AIM OF THE EXERCISE: Find the line with "Lorsque Cidegast fut" in the data below. Repeat it and every line after it up to the end, exactly, but drop the pictures.

INFORMATION:
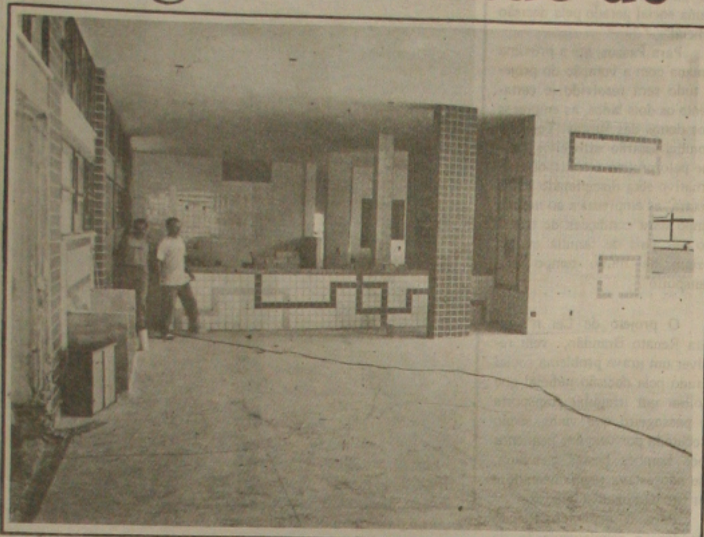
Até o final de agosto, o Serviço Social do Comércio terá um moderno restaurante.
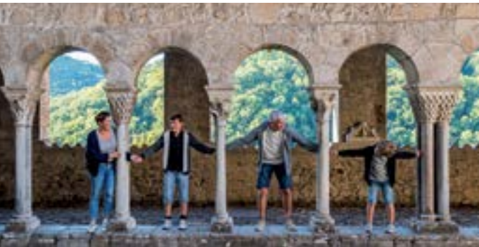
Cloître de la cathédrale Saint-Bertrand-de-Comminges.
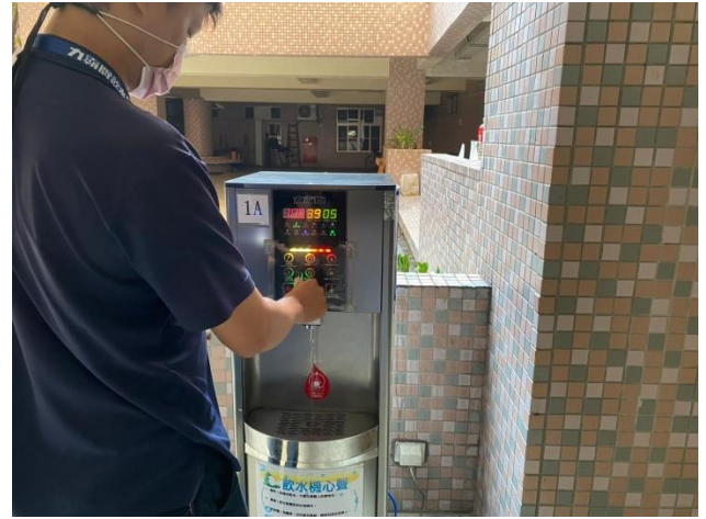
1A：東風樓南側 1 樓
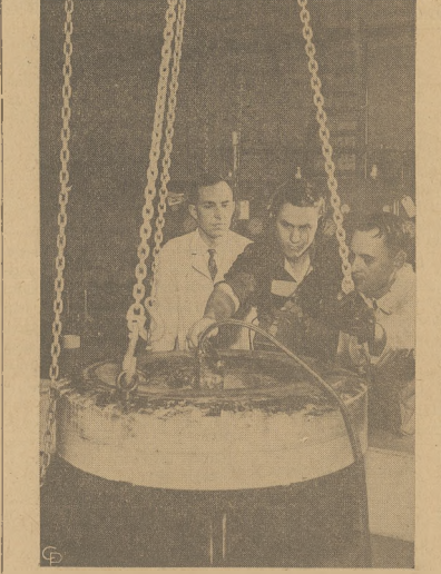
Naukowcy z firmy B. F. Goodrich w Idaho uczynili próbę wulkanizowania opon samochodowych przy użyciu energii atomowej zamiast zwykłego gorąca.
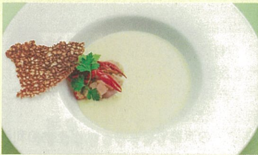
金谷ホテルで提供されているロイヤルポターージュ
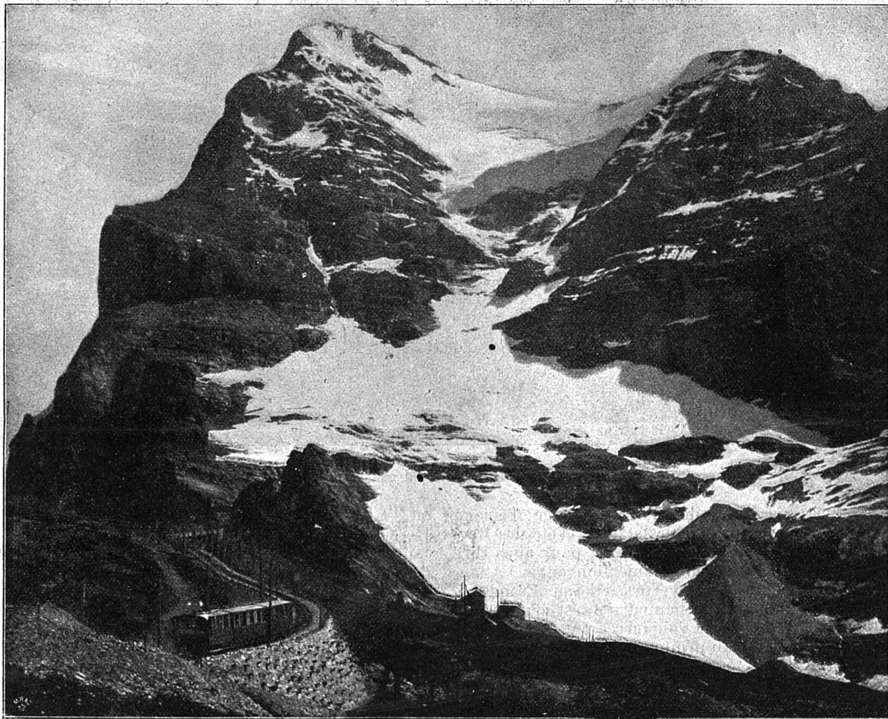
Le chemin de fer de la Jungfrau

Toutefois, même en admettant que la Jungfrau Bahn, dont nous reproduisons ici deux vues, soit un jour exploitée sur toute son étendue, son point culminant
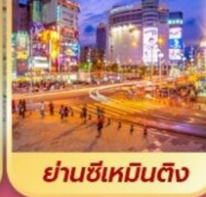
ย่านซีเหมินต้ง
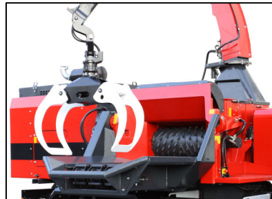
クレーン・木材供給装置により 原料を破砕機へ搬送
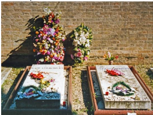
Les tombes d'Igor et Vera Stravinsky à Venise
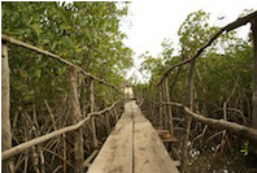
Bintang Bolong Lodge
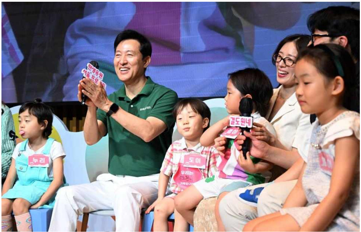
서울 다둥이 가족과의 대화
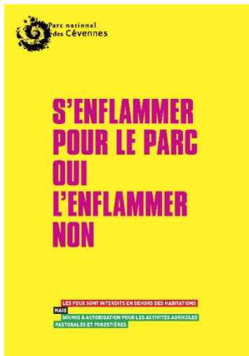
Figure 6. Exemple de publicité de sensibilisation au parc national de Cévennes, en France

Aux États-Unis, le parc national de Yosemite a mis de l'avant un indicateur visant à assurer un suivi de la qualité de l'air. Le parc national indique sur son site internet que la fumée associée aux feux de camp peut être néfaste pour la santé humaine et déconseille aux personnes souffrant de problèmes respiratoires de venir au parc lorsque la qualité de l'air est évaluée comme étant mauvaise (National Park Service, 2022). L'Agence de Protection de l'Environnement des États-Unis (EPA - United States Environmental Protection Agency ) présente de nombreux articles concernant les risques que comportent la fumée sur la santé
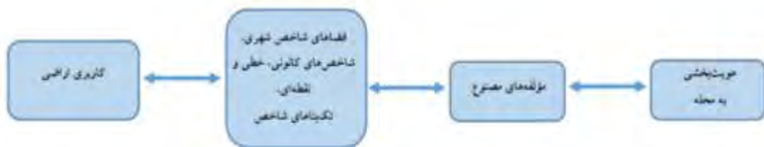
نمودار ۱. شاخص‌ها و متغیرهای تحقیق
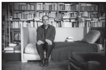
Patrick Modiano, chez lui le 28 décembre 2004
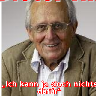
„Ich kann ja doch nichts dafür“
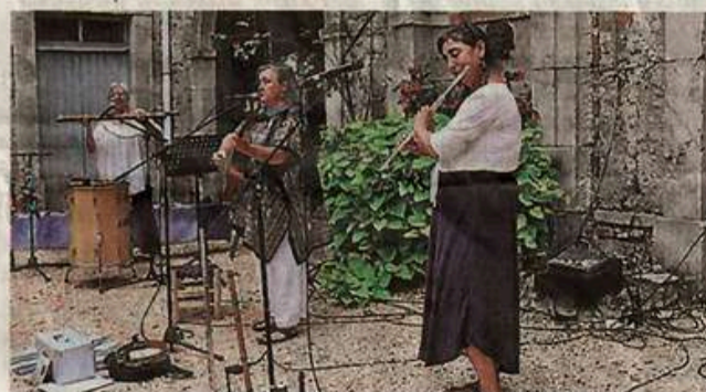
Trois musiciennes très complémentaires dans leur interprétation.

Même si personne ne s'est élané sur une piste de danse improvisée, il suffisait de regarder les pieds des spectateurs
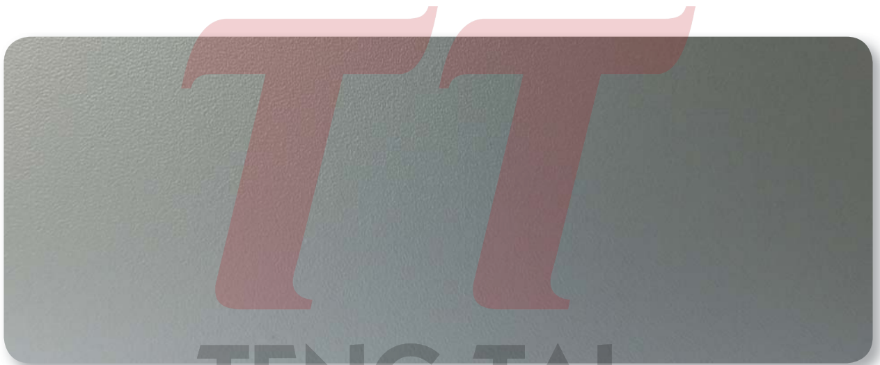
silbergrau silver grey
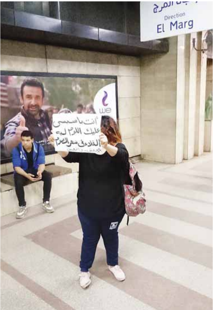
مصرية ترفع لافتة احتجاج في محطة السادات
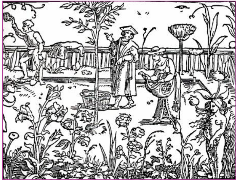
«The Garden of Health,» Antwerp, 1533. In Witchcraft Medicine , Claudia Muller-Ebeling et al. La présence d'une "plante-humaine" dans le bas à droite est la preuve d'une communication avec les plantes chez les natifs: les plantes nous parlent comme si elles étaient des êtres humains comme nous.

Lorsque Cidegast fut tué, Orgeluse ne perdit pas seulement son premier amour. Elle perdit la connexion avec tout ce qu'il représentait. Je soutiendrais que la licorne est une version du Mesotes, l'animal totémique mystique de la quête de vision Européenne. La corne unique, blanche et spiralée est une image du "puits" doux de Lumière Organique qui pénètre l'adepte en transe et en contemplation au travers du troisième oeil - l'escarboucle de l'os frontal de la licorne. Wolfram entrelace la connaissance alchimique et la connaissance des plantes médicinales dans les deux narrations avec beaucoup de finesse.
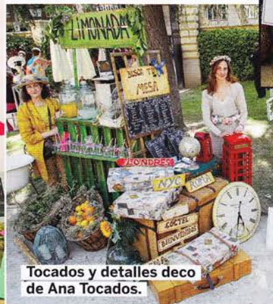
Tocados y detalles deco de Ana Tocados.
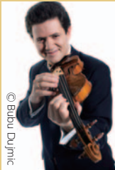
アントン・ソロコフ (指揮・ヴァイオリン)

WRITTEN ANSWER:
Lorsque Cidegast fut tué, Orgeluse ne perdit pas seulement son premier amour. Elle perdit la connexion avec tout ce qu'il représentait. Je soutiendrais que la licorne est une version du Mesotes, l'animal totémique mystique de la quête de vision Européenne. La corne unique, blanche et spiralée est une image du "puits" doux de Lumière Organique qui pénètre l'adepte en transe et en contemplation au travers du troisième oeil - l'escarboucle de l'os frontal de la licorne. Wolfram entrelace la connaissance alchimique et la connaissance des plantes médicinales dans les deux narrations avec beaucoup de finesse.
Tocados y detalles deco de Ana Tocados.
アントン・ソロコフ (指揮・ヴァイオリン)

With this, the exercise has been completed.